Looking forward to the State of the Union? Two years ago (or was it three?), when I had a job that was affiliated with politics in kind of isolated but austere watchdog way, my co-workers and I watched the SotU without succumbing to the passive spectation of those in the know. I don’t remember much of the context out of which Terrorism v. America was borne. (This was a period during which I earned a reputation of being a bit of a beer mooch – “Bring six, drink nine” was an oft-applied sobriquet amongst the tenants of the house at which I obtained my televisual fix, being too cheap to purchase an idiot box and the requisite DirecTV package.) I do, however, remember the game’s basic premise. Terrorism v. America is modeled on old “Roxanne/Red Light” drinking game of the Olde College Years. In “Roxanne/Red Light,” you listen to the Sting song after dividing up into two groups, one of which consumes a swallow of beer after the word “Roxanne” is sung, the other of which does same after “Red light” is sung. While watching the speech, no reaction need be made when the President squints his squint, or shifts his weight back to his heels and then leans up against the podium for emphasis; attempts to mimic the clipped Texas drawl of the President, by which “terror” becomes “terra” and “America” becomes “mer-ka,” are encouraged but not necessary. The only thing you need to do is drink when the President says “America” or “terrorism,” depending on which team you’re on. In our circle, “terror,” “terrorism,” and “terrorists” were all functionally the same. Likewise with “America” and “American,” but for some reason “the United States” was not included as a drink prompt. Given the correct demographics, serious sober contemplation of the SotU is to the onset of crippling cynicism as Terrorism v.

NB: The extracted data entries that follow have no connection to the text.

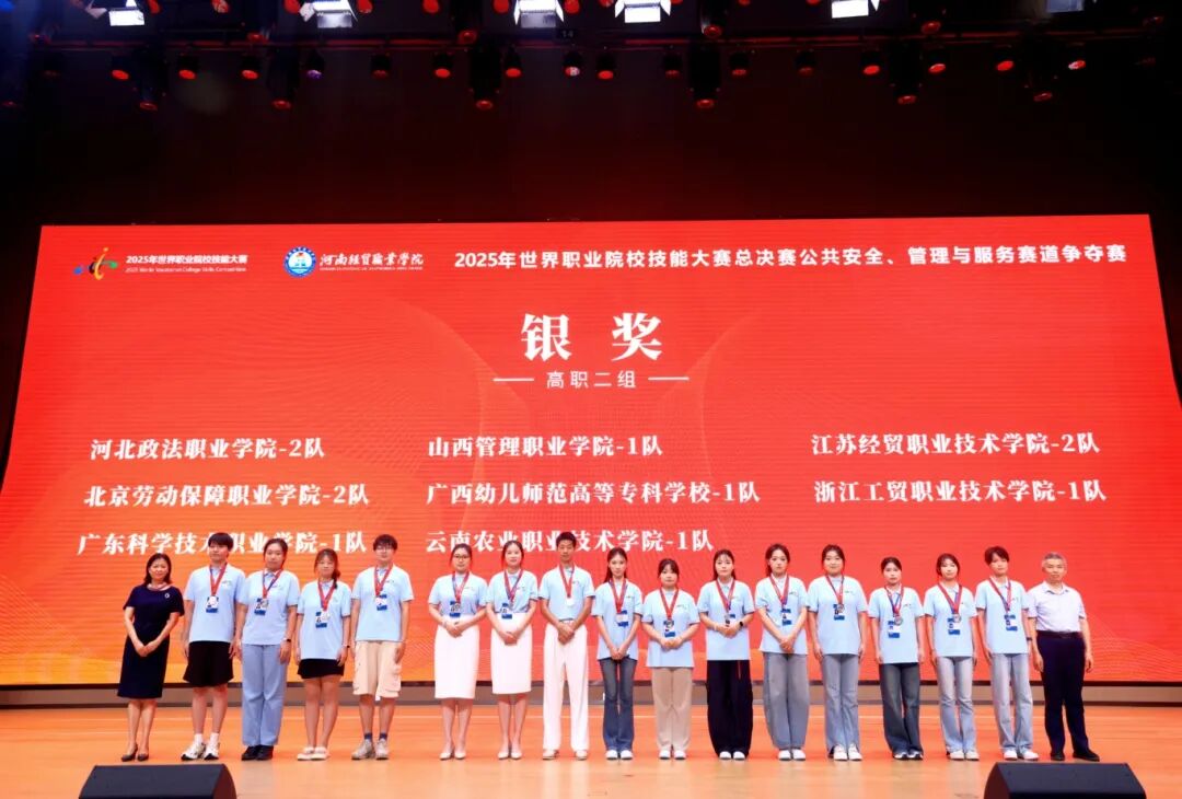 8月25日——8月29日,2025年世界职业院校技能大赛总决赛公共安全、管理与服务赛道争夺赛在河南郑州河南经贸职业学院举办。共有来自全国 30 个省(自治区、直辖市)的 126 支高职院校参赛队、51 支中职院校参赛队,共计 177 支队伍 1300 余名选手参赛同台竞技,米乐管理与服务系人力资源管理专业参赛团队靳荣秋、翟芷晗、原宇薇、刘艳霞,指导教师孙香云、杨美蓉,获高职组银奖,取得了米乐在此赛道上历史性的突破。
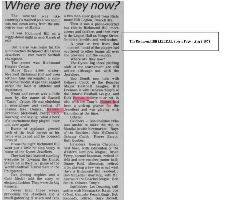 A fan asked me this weekend about who was on the famous 1972 World Champion Richmond Hill Dynes team and alas, I could not find it. But I turned to Dave Birnie and he sent me this great picture with the captions.
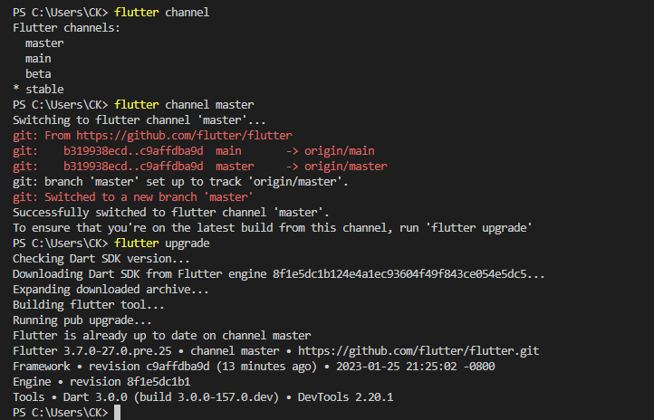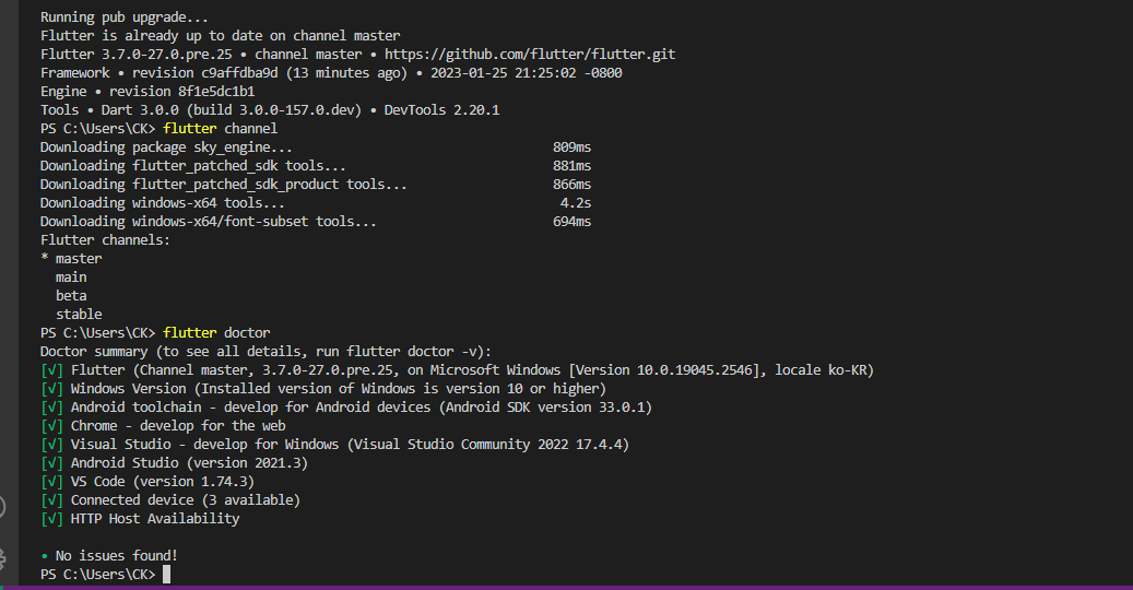 채널 변경을 하고나서 버전이 이미 3.7.0이긴 하지만 flutter upgrade 를 한 번 더 실행해줬다.

America is to the onset of flagrantly enjoyable idiocy, of which idiocy all of us need a periodic dose. Projecting my shit onto you is not my bag, however, so feel free to watch another rerun of Seinfeld if your druthers lead you down that path.

C. By (implied) request, with apologies beforehand if this gives offense to your sense of decorum’s steadfast disavowal of ababcdcd. . . rhyme schemes.

Sacred Heart

For one who watches with too little rest
A body rousing fitfully to its pain
- The nerves like dull burns where the sheet has pressed -
Subsiding to dementia yet again;
For one who snatches what repose he can,
Exhausted by the fretful reflexes
Jerked from the torpor of a dying man,
Sleep is fear, invaded as it is
By coil on coil of ominous narrative
In which specific isolated streaks,
Bright as tattoos, of inks that seem to live,
Shift through elusive patterns. Once in those weeks
You dreamt your dying friend hung crucified
In his front room, against the mantelpiece;
Yet it was Christmas, when you went outside
The shoppers bustled, bells rang without cease,
You smelt a sharp excitement on the air,
Crude itch of evergreen. But you returned
To find him still nailed up, mute sufferer
Lost in a trance of pain, toward whom you yearned.
When you woke up, you could not reconcile
The two conflicting scenes, indoors and out.
But it was Christmas. And parochial school
Accounted for the Dying God no doubt.

Now since his death you’ve lost the wish for sleep,
In which you might mislay the wound of feeling;
Drugged you drag grief from room to room and weep,
Preserving it from closure, from a healing
Into the novelty of glazed pink flesh.
We hear you stumble vision-ward above,
Keeping the edges open, bloody, fresh
Wound, no – the heart, His Heart, broken with love.

An unfamiliar ticking makes you look
Down your left side where, suddenly apparent
Like a bright plate from an anatomy book
- In its snug housing, under the transparent
Planes of swept muscle and the barreled bone –
The heart glows, and you feel the holy heat:
The heart of hearts transplanted to your own
Losing rich purple drops with every beat.
Yet even as it does your vision alters,
The hallucination lighted through the skin
Begins to deaden (though still bleeding), falters,
And hardens to its evident origin
- A red heart from a cheap religious card,
Too smooth, too glossy, too securely cased!

Stopped in a crouch, you wearily regard
Each drop dilute into the waiting waste.